Она не ответила. Но ее рука, сухая и все еще слабая после болезни, нашла его ладонь и сжала. Не так, как тогда у окна, — коротко, мимолетно, — а сильно, надолго, будто хотела что-то передать через это прикосновение, чему не находилось слов.
В сенях замычала Майка, и Евсей нехотя поднялся.
— Надо доить.
— Иди, — сказала Харитина. — А я посижу. Ты возвращайся быстрее.
— Вернусь, — пообещал он.
И вернулся. С полным ведром парного молока, пахнущий сеном и навозом. Харитина уже разожгла лампу — он понял это по слабому теплу, исходящему от стола, — и сидела, подперев голову рукой.

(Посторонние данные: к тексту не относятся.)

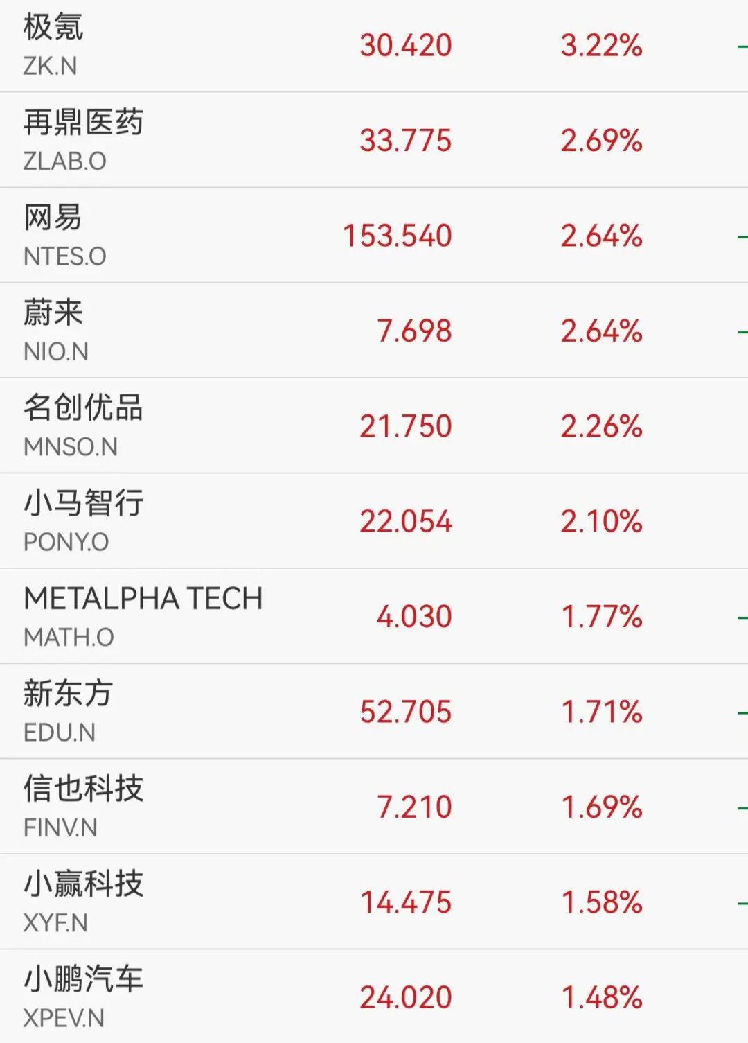 热门中概股盘初多数上涨,纳斯达克中国金龙指数涨0.16%,热门中概股盘初多数上涨,极氪涨超3%,网易、蔚来、名创优品涨超2%。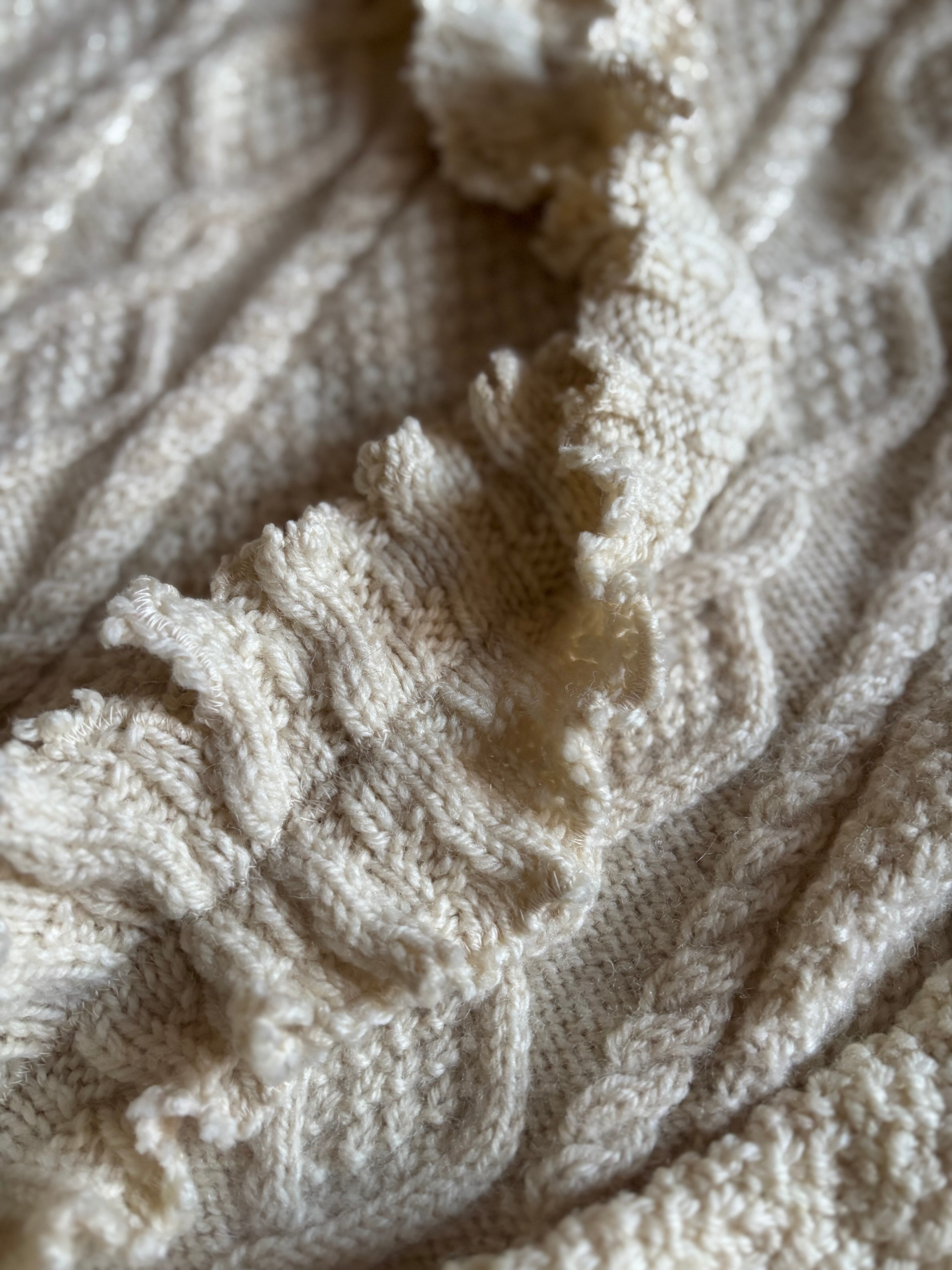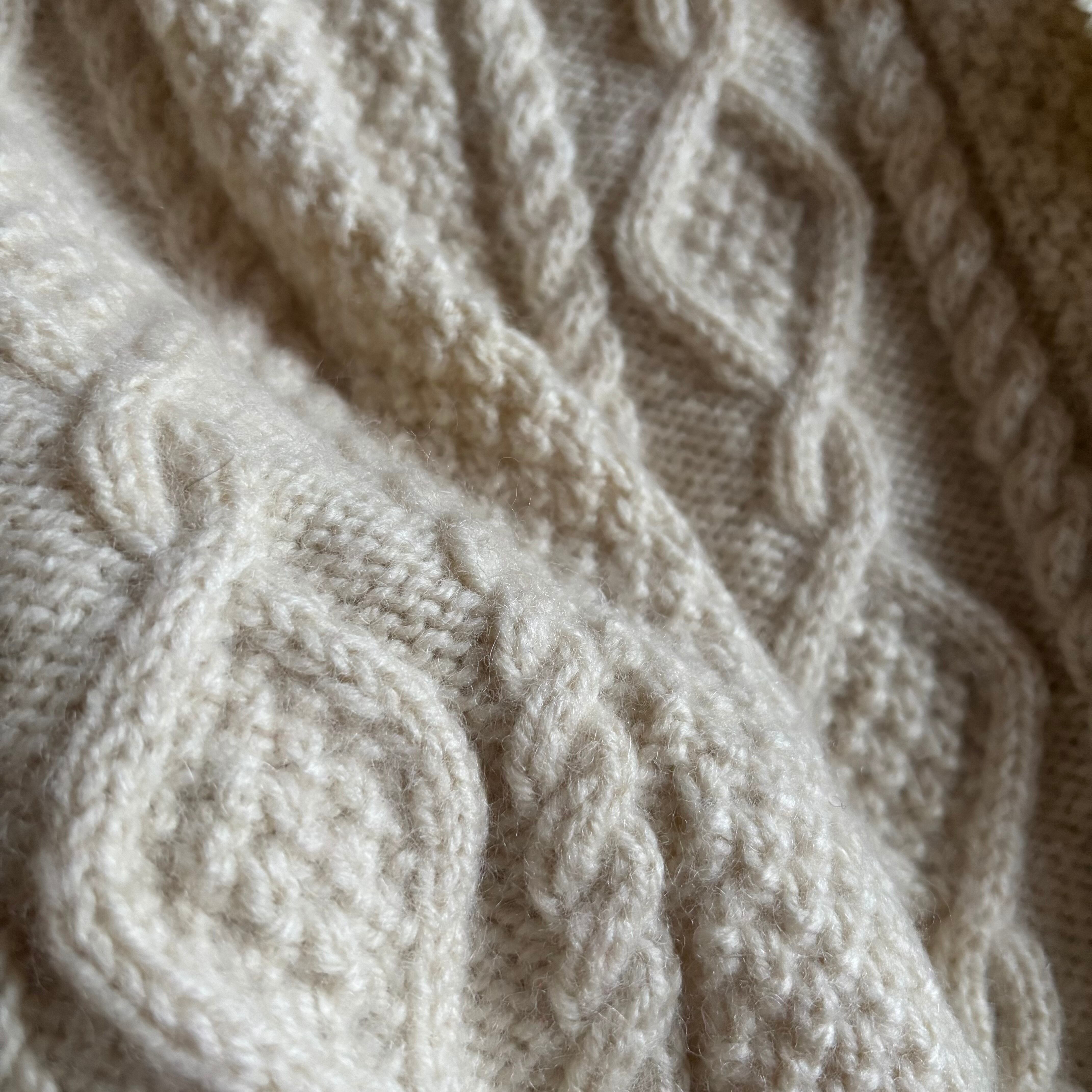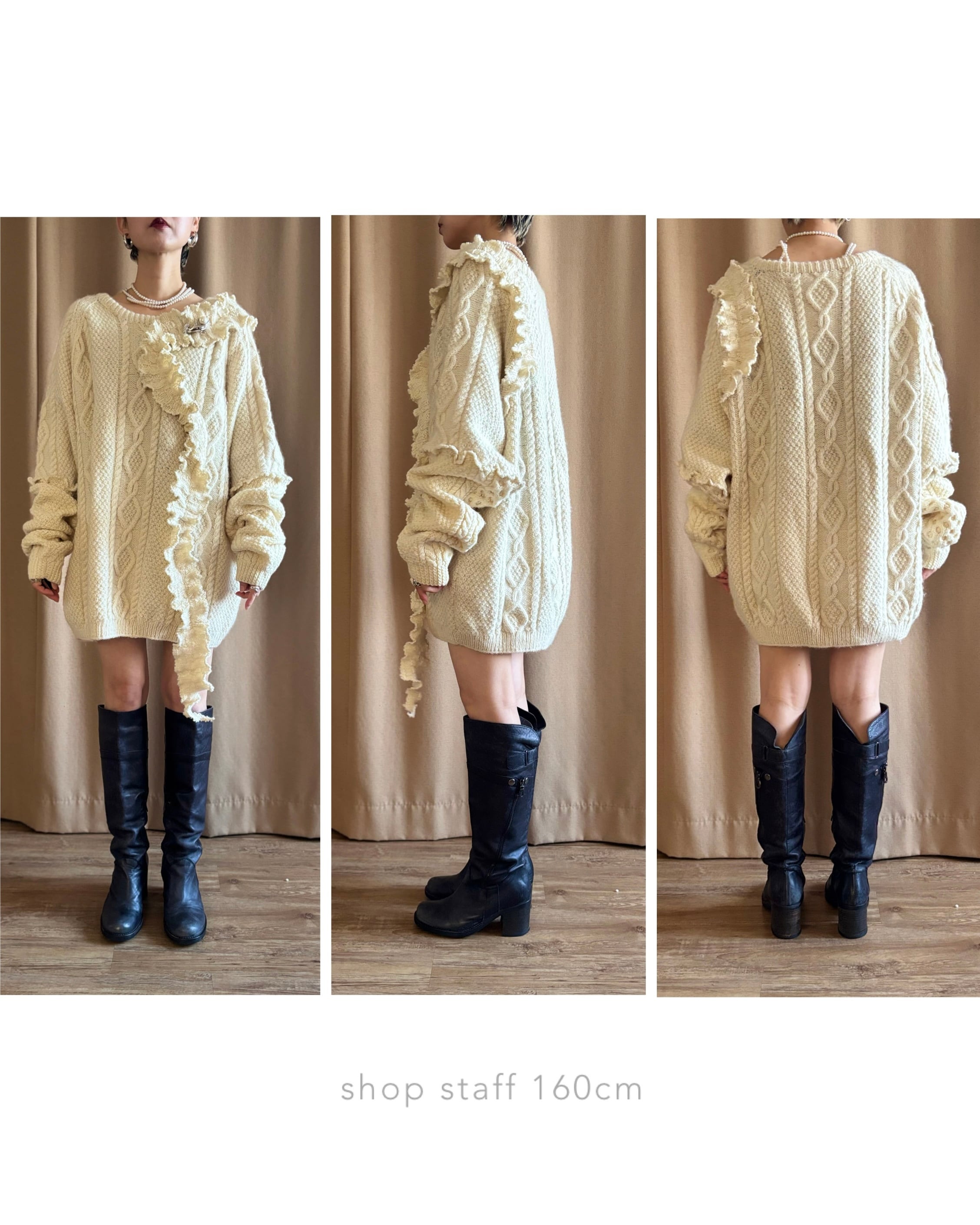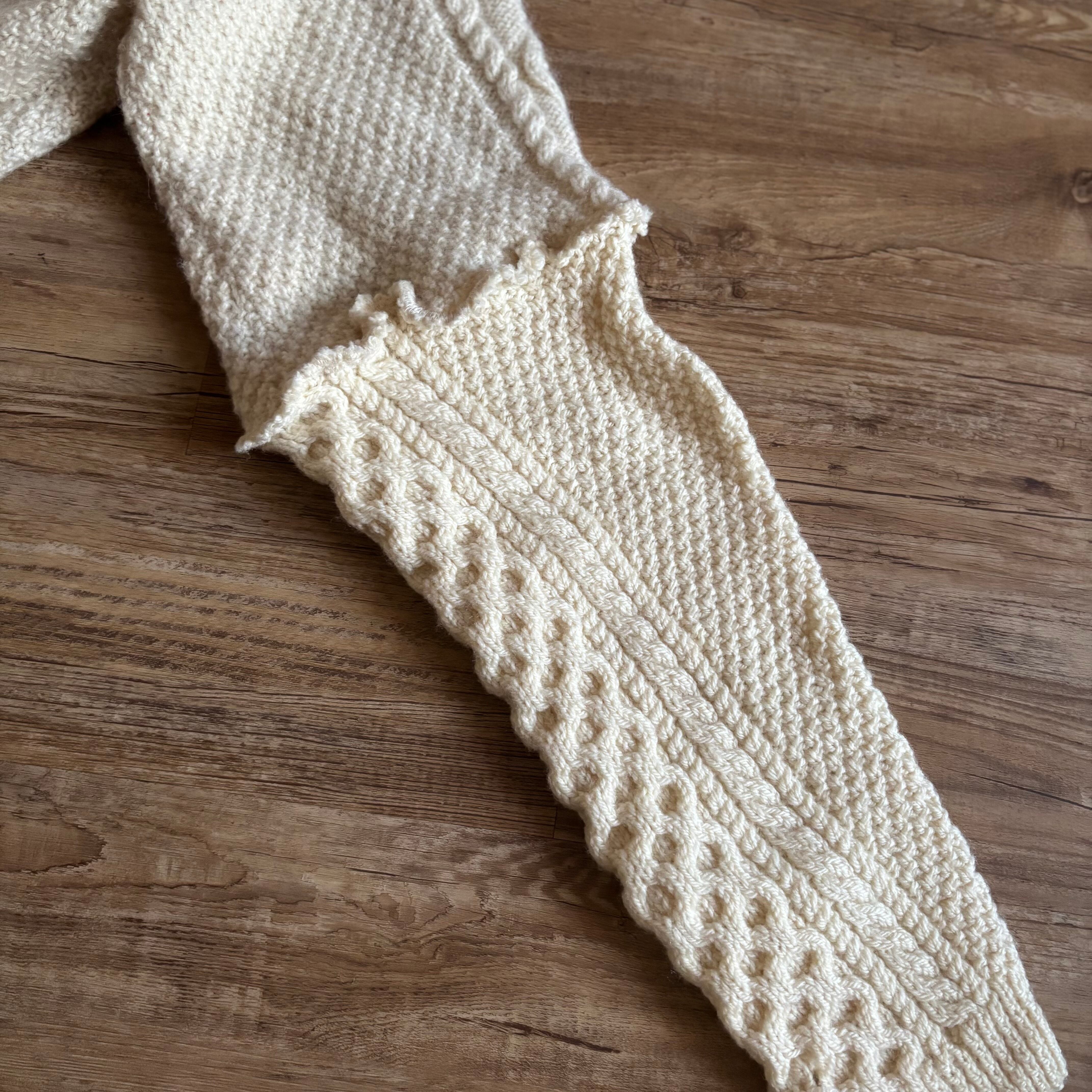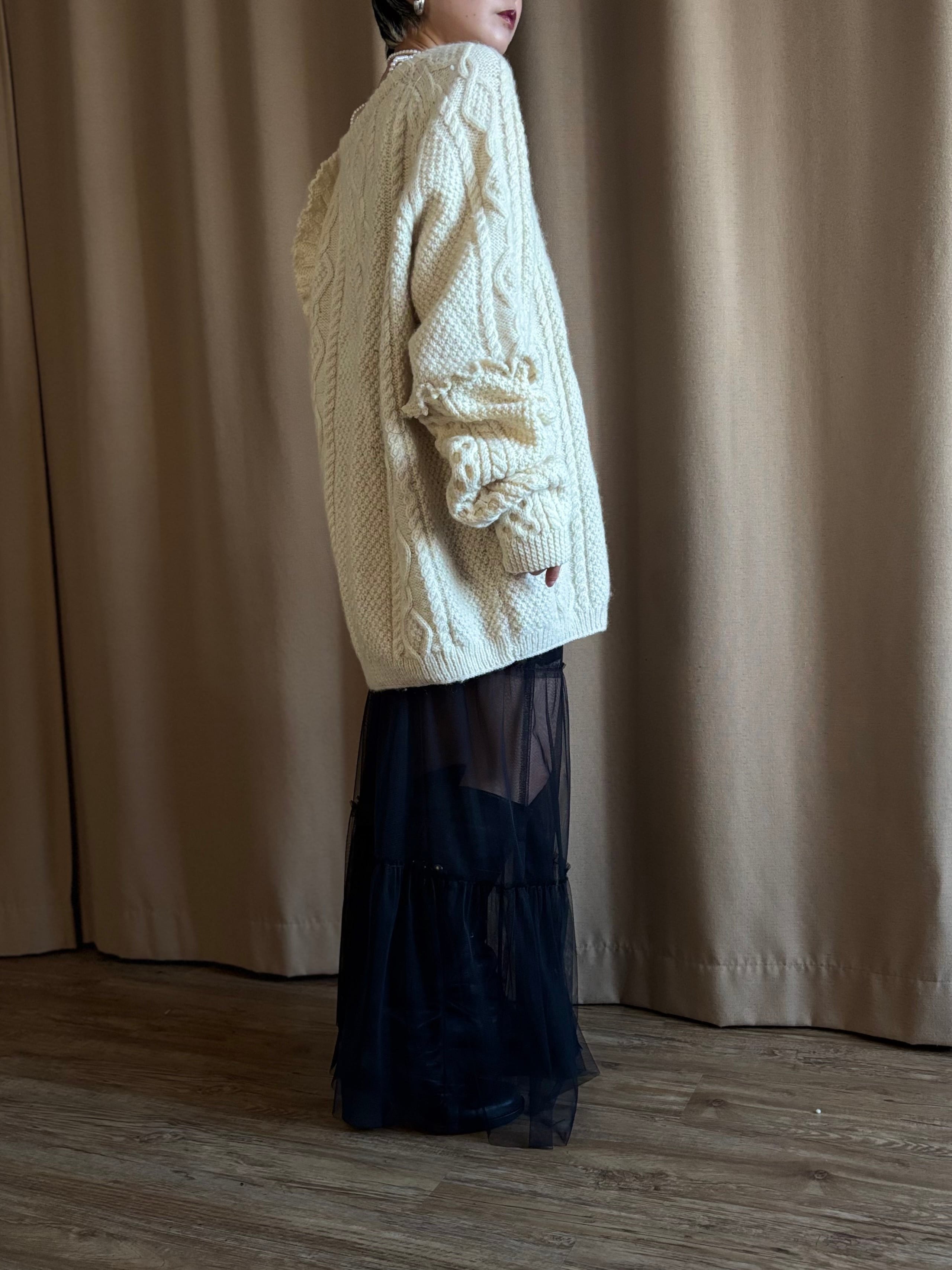 クラシカルなアラン編みニットを再構築し、フリルディテールを大胆に施したヴィンテージブローチ付きリメイクニット。

— Я тут подумала, — сказала она, когда он процеживал молоко через марлю, — нам бы с тобой Рождество справить. По-людски. Елка у Вершининых на задах растет, я веток наломаю. У меня в сундуке игрушки старые, довоенные еще, я их сохранила. От Саньки и Верочки.
Последние слова она произнесла через силу, но произнесла. Евсей перестал цедить молоко.
— Это ты правильно, — сказал он. — Ульяна всегда справляла. Говорила — светлый праздник.
— Вот и я говорю. Сочельник послезавтра. Давай, Евсей Трофимович, встретим как люди.
— Давай, — ответил он, и в груди разлилось что-то теплое, похожее на то молоко, которое он только что цедил.
Весь следующий день Харитина провела на ногах, хотя Евсей и ворчал, что ей надо беречься. Она только отмахивалась — слабо, но уже привычно:
— Я не лежачая. И не старая еще. Мне шестидесяти нет.
— А мне семьдесят два, и ничего.
— Вот и молчи.
К вечеру она сходила к Вершининым и принесла охапку еловых веток. Изба наполнилась густым, смолистым, праздничным запахом. Харитина расставила ветки по углам, и Евсей, входя в дом, сразу понял: что-то изменилось. Не только запах — сам воздух стал другим, будто наэлектризованным ожиданием.
— Садись, — сказала Харитина. Она уже поставила на стол все, что смогла собрать: моченую бруснику, прошлогодний мед у Глафиры выменянный, картошку, томленную в печи, крынку молока и даже стопочку самогона — «Левон Акимыч занес, как узнал, что я болела, сказал — для сугреву».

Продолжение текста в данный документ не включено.